THE International Monetary Fund (IMF) has issued an alarming warning about the potential impact of artificial intelligence (AI) on jobs.
According to a recent IMF study, up to 60% of employment in advanced economies such as Spain could be impacted by the development of AI.
The impact is estimated to be lower in developing and low-income economies, with 40% and 26% of jobs being affected respectively.
However, there remains optimism about the potential positive impacts of AI – the IMF study estimates that while advanced economies are prone to the greatest risks derived by AI due to its impact on employment, they are also in a privileged position to capitalise on its benefits.
Thus, the IMF expects that roughly half of the jobs exposed to AI in advanced economies will actually benefit from its development.

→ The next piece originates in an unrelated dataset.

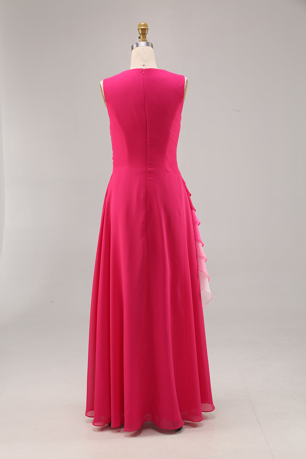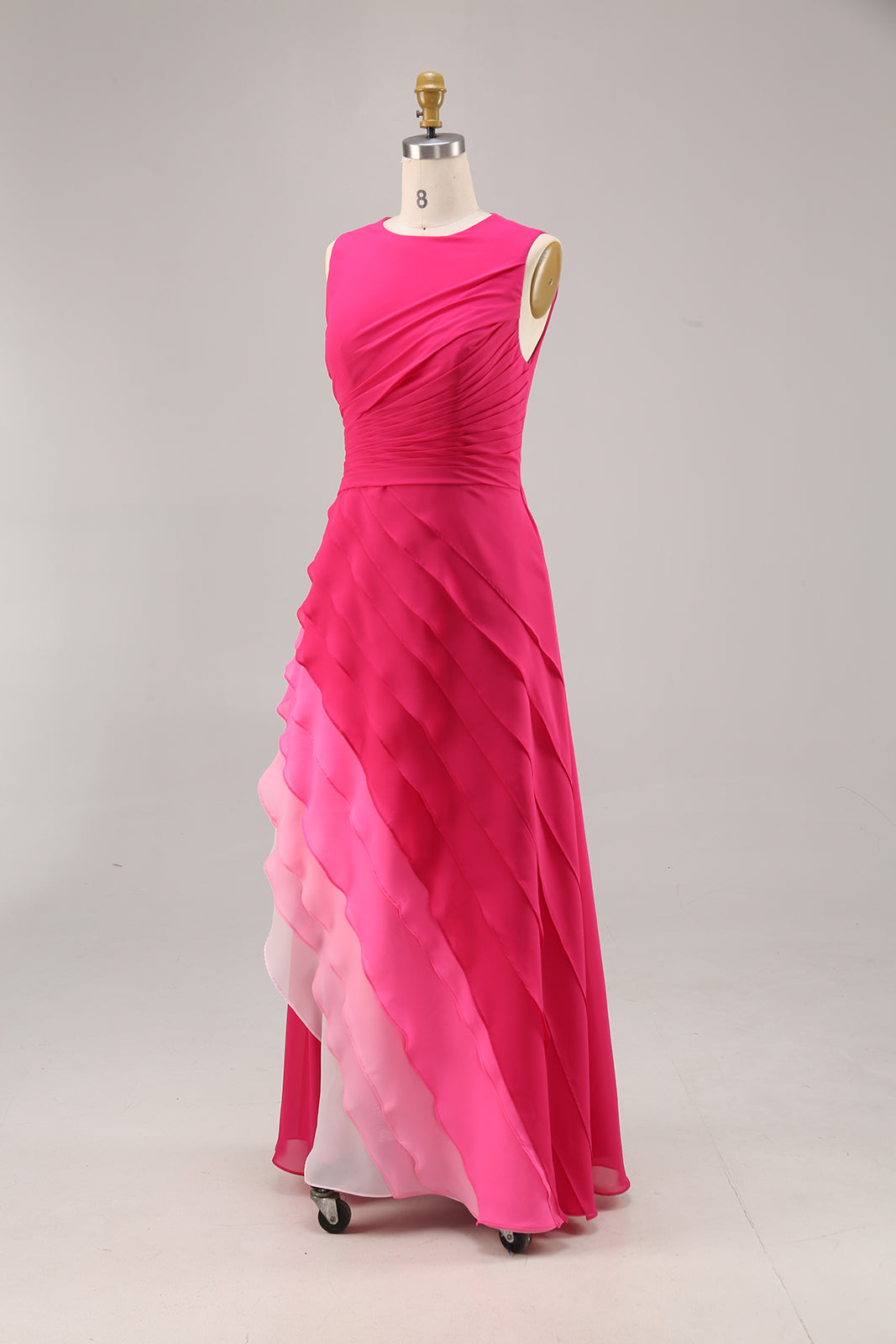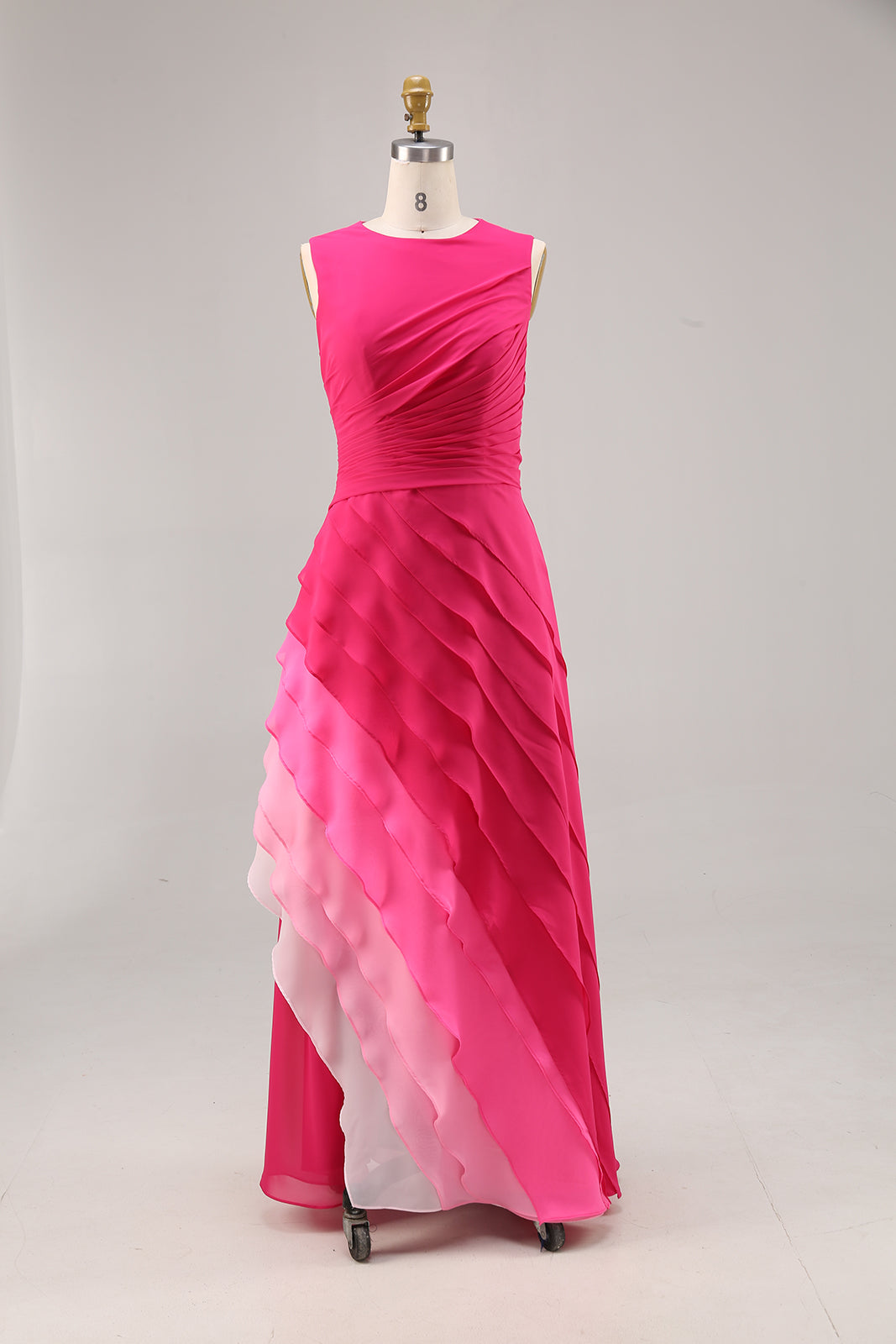 Evening Formal Gradient Dress Fuchsia Sleeveless Floor-Length Gown

The managing director of the IMF, Kristilina Georgieva, commented: “We are on the precipice of a technological revolution that has the potential to boost productivity, accelerate global growth and elevate incomes across the world. However, it could also replace jobs and exacerbate inequality.”
In developing and low-income economies, the impact of AI on jobs is expected to initially be less significant.
However, many such countries lack the infrastructure and labour force to feel the full benefits of AI.
Georgieva, who became chief of the IMF in 2019, warned: “In the majority of scenarios, AI will probably worsen general inequality.”
This is likely to be dependent on to what extent AI compliments or replaces high-income jobs – it could lead to a disproportionate increase in pay, productivity, and returns on invested capital, favouring those with higher incomes.
“It is crucial that countries establish rigorous social security nets and offer re-skilling initiatives to vulnerable workers,” added Georgieva, before departing for the World Economic Forum in Davos, Switzerland.